It adds up fast. Here’s where it usually breaks down.
- People translate from incomplete source copy, so every language inherits the same missing details.
- Handles get created ad hoc, which leads to duplicates, broken redirects, and ugly URLs later.
- Review happens across email threads and docs, so there is no single place to approve or reject drafts.
- Teams avoid using the product image as input because “describing what you see” is slow and easy to get wrong.

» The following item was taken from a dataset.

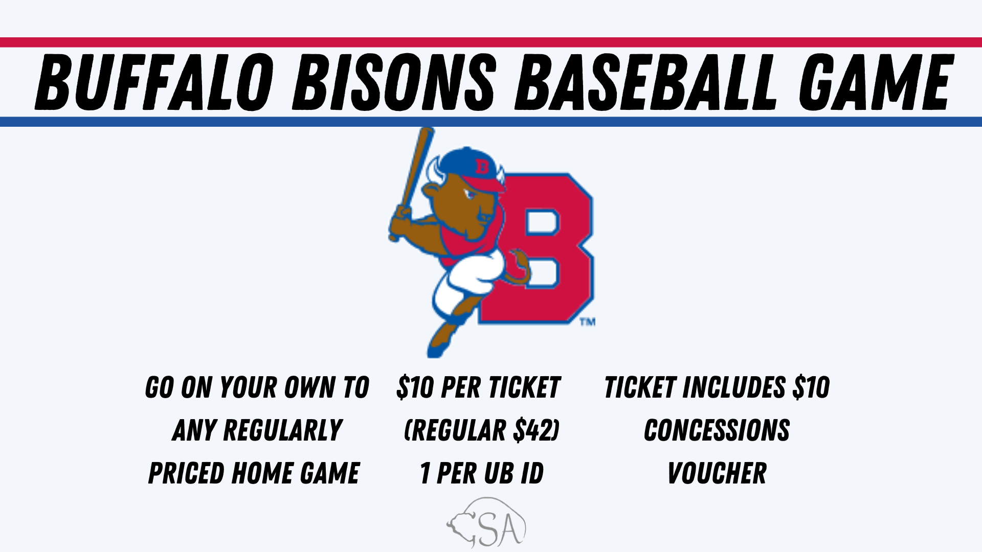 GSA will have flex passes for Buffalo Bisons Baseball Games on sale for $10 each starting on April 13th at the UB Ticket Office (online or in 221 Student Union).  1 per UB ID.  Limited quantity available. First come, first served.
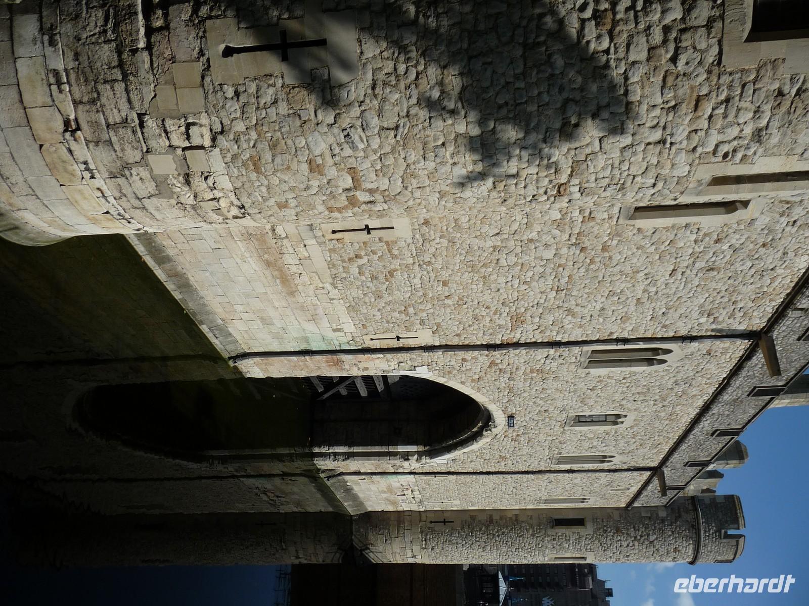 Zuerst muss unser Buschauffeur Andreas sein ganzes Können bei der engen Durchfahrt durch das Steintor der Stadtmauer demonstrieren - perfekt!

The Solution: Shopify + Gemini drafts, organized in Google Sheets
This workflow creates multilingual product drafts by combining two sources you already trust: Shopify metadata and the product’s main image. You launch it manually when you’re ready to process a batch. n8n pulls your products (including images[0].src), sends that primary image into Gemini Vision for a short, objective analysis, then hands the vision notes plus product fields to a Gemini Agent that writes language-specific titles, descriptions, and handles. The Agent is constrained by a strict JSON contract, so you don’t get “extra commentary” mixed into your data. Finally, the workflow expands that JSON into six separate rows and appends them to Google Sheets for review and later publishing.
The workflow starts with a manual run, then fetches many Shopify products in one go. Gemini reads the image and produces verifiable details (colors, visible features, materials if clear), which the copywriting Agent uses to draft ES/DE/EN/FR/IT/PT outputs in a consistent format. Google Sheets becomes your review queue: one product, six rows, ready for approval.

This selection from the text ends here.